▸ Task brief
Every record below should be repeated exactly. Omit the pictures.
───── Data supplied ─────
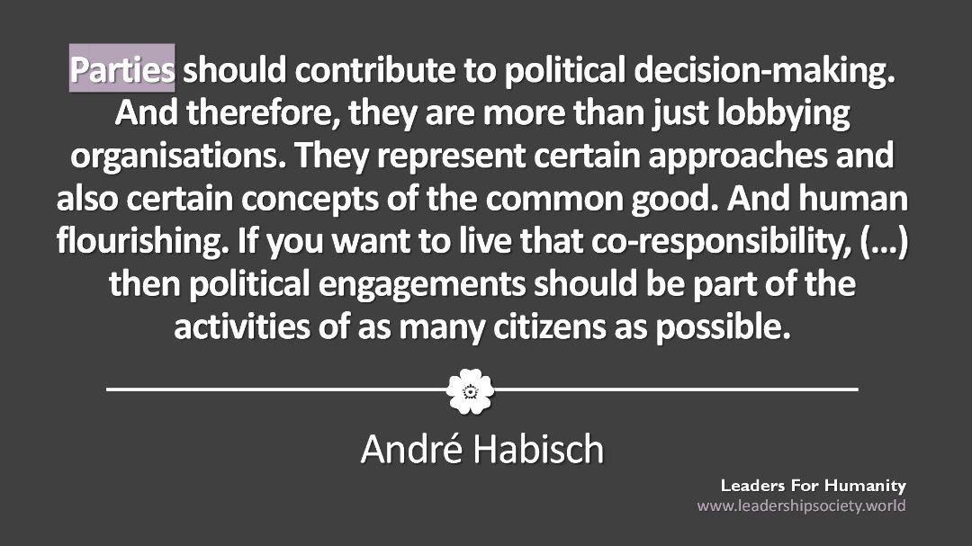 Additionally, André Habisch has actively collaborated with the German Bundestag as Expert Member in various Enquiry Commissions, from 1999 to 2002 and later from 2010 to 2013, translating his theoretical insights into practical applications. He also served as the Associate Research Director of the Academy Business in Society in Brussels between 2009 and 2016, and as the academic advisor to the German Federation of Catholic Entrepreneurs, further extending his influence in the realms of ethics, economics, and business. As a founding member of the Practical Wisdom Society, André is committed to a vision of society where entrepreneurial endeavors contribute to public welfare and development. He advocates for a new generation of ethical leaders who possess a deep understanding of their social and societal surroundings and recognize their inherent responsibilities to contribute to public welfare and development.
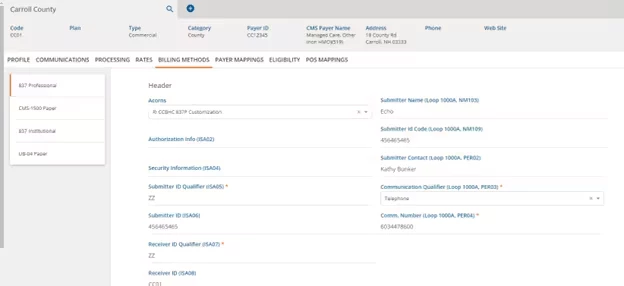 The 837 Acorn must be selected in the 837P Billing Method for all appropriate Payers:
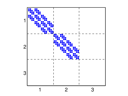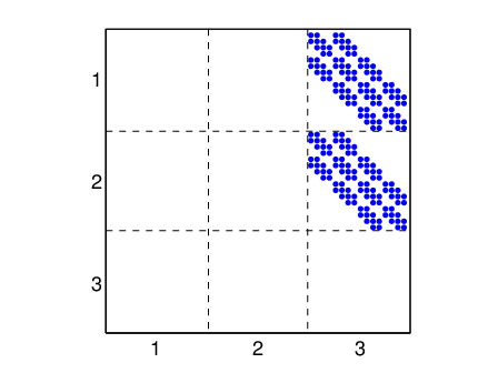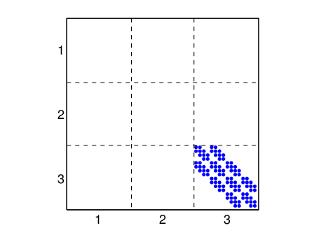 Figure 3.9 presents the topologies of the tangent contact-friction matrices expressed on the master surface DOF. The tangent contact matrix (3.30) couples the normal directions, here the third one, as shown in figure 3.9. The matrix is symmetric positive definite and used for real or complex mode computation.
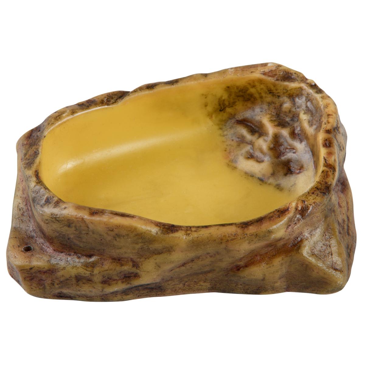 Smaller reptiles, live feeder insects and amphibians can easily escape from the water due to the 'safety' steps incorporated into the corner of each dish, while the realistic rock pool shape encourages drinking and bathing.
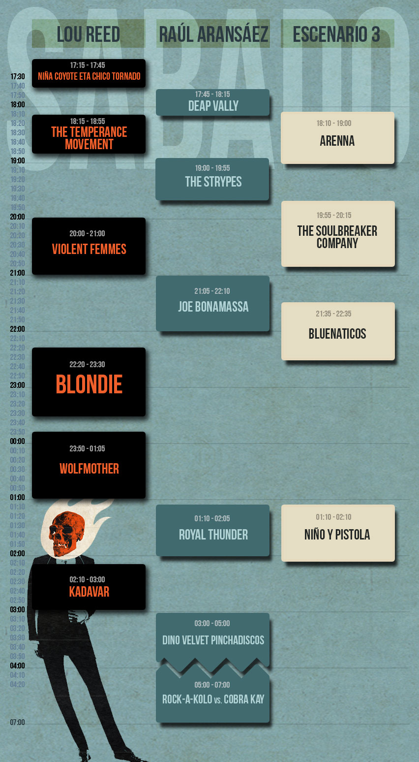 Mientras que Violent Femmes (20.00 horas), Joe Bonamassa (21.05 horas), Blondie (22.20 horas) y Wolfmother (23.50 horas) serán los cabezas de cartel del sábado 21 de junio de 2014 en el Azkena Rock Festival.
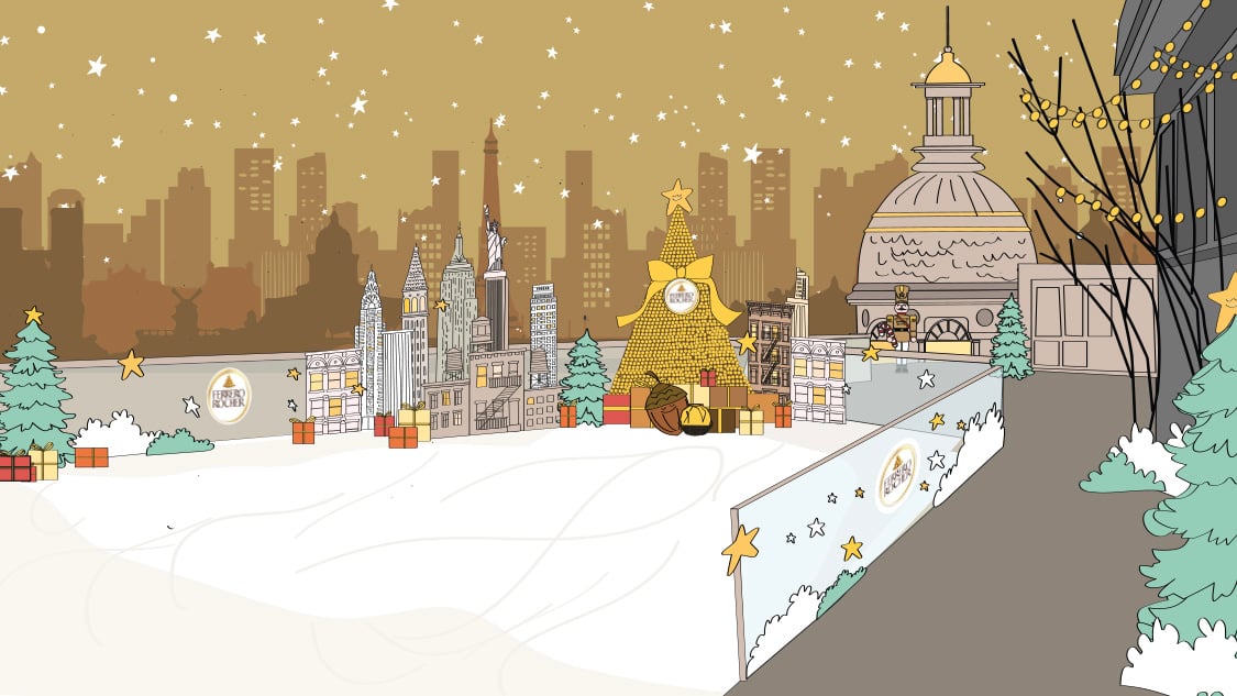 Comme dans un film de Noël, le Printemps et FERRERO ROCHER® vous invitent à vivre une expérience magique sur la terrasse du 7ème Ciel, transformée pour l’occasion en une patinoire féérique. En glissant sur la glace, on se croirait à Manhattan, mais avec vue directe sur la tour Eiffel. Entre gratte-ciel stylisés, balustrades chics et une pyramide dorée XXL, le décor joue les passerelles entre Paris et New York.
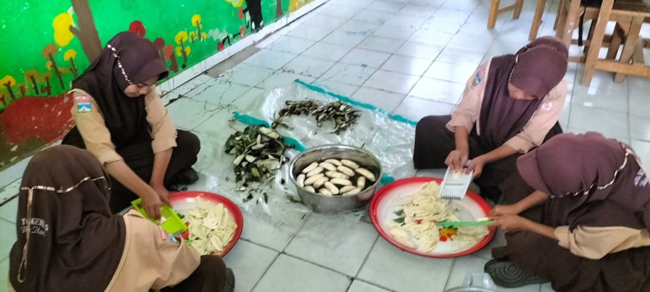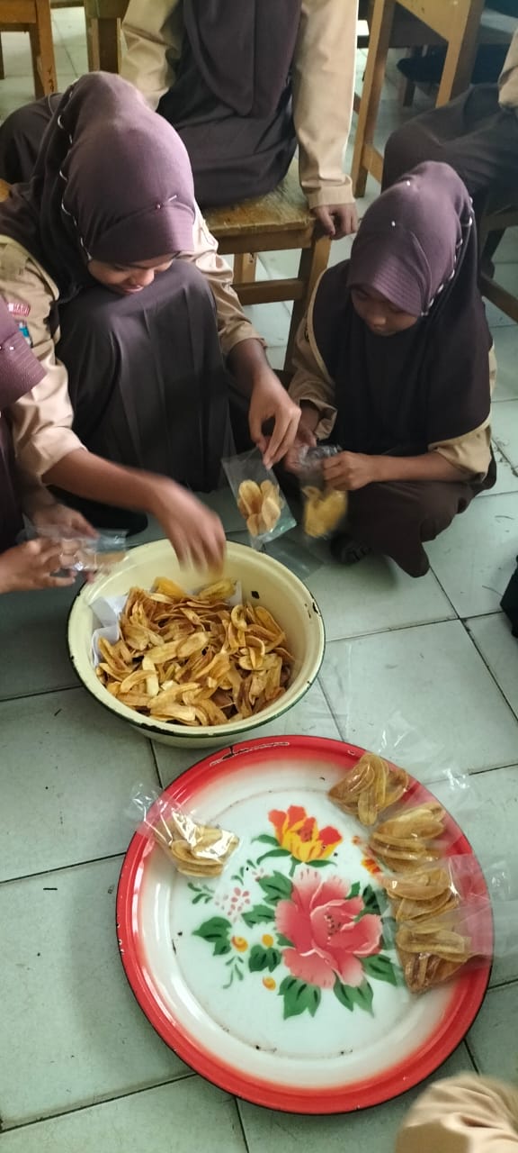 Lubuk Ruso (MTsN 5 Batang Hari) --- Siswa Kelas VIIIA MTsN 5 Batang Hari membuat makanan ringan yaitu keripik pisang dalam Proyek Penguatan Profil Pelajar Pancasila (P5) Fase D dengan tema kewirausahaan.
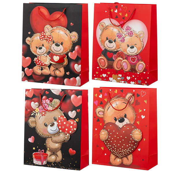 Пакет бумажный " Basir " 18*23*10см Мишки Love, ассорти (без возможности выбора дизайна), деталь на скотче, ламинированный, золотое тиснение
─────
▸ Output
 Additionally, André Habisch has actively collaborated with the German Bundestag as Expert Member in various Enquiry Commissions, from 1999 to 2002 and later from 2010 to 2013, translating his theoretical insights into practical applications. He also served as the Associate Research Director of the Academy Business in Society in Brussels between 2009 and 2016, and as the academic advisor to the German Federation of Catholic Entrepreneurs, further extending his influence in the realms of ethics, economics, and business. As a founding member of the Practical Wisdom Society, André is committed to a vision of society where entrepreneurial endeavors contribute to public welfare and development. He advocates for a new generation of ethical leaders who possess a deep understanding of their social and societal surroundings and recognize their inherent responsibilities to contribute to public welfare and development.
 The 837 Acorn must be selected in the 837P Billing Method for all appropriate Payers:
 Figure 3.9 presents the topologies of the tangent contact-friction matrices expressed on the master surface DOF. The tangent contact matrix (3.30) couples the normal directions, here the third one, as shown in figure 3.9. The matrix is symmetric positive definite and used for real or complex mode computation.
 Smaller reptiles, live feeder insects and amphibians can easily escape from the water due to the 'safety' steps incorporated into the corner of each dish, while the realistic rock pool shape encourages drinking and bathing.
 Mientras que Violent Femmes (20.00 horas), Joe Bonamassa (21.05 horas), Blondie (22.20 horas) y Wolfmother (23.50 horas) serán los cabezas de cartel del sábado 21 de junio de 2014 en el Azkena Rock Festival.
 Comme dans un film de Noël, le Printemps et FERRERO ROCHER® vous invitent à vivre une expérience magique sur la terrasse du 7ème Ciel, transformée pour l’occasion en une patinoire féérique. En glissant sur la glace, on se croirait à Manhattan, mais avec vue directe sur la tour Eiffel. Entre gratte-ciel stylisés, balustrades chics et une pyramide dorée XXL, le décor joue les passerelles entre Paris et New York.
 Lubuk Ruso (MTsN 5 Batang Hari) --- Siswa Kelas VIIIA MTsN 5 Batang Hari membuat makanan ringan yaitu keripik pisang dalam Proyek Penguatan Profil Pelajar Pancasila (P5) Fase D dengan tema kewirausahaan.
 Пакет бумажный " Basir " 18*23*10см Мишки Love, ассорти (без возможности выбора дизайна), деталь на скотче, ламинированный, золотое тиснение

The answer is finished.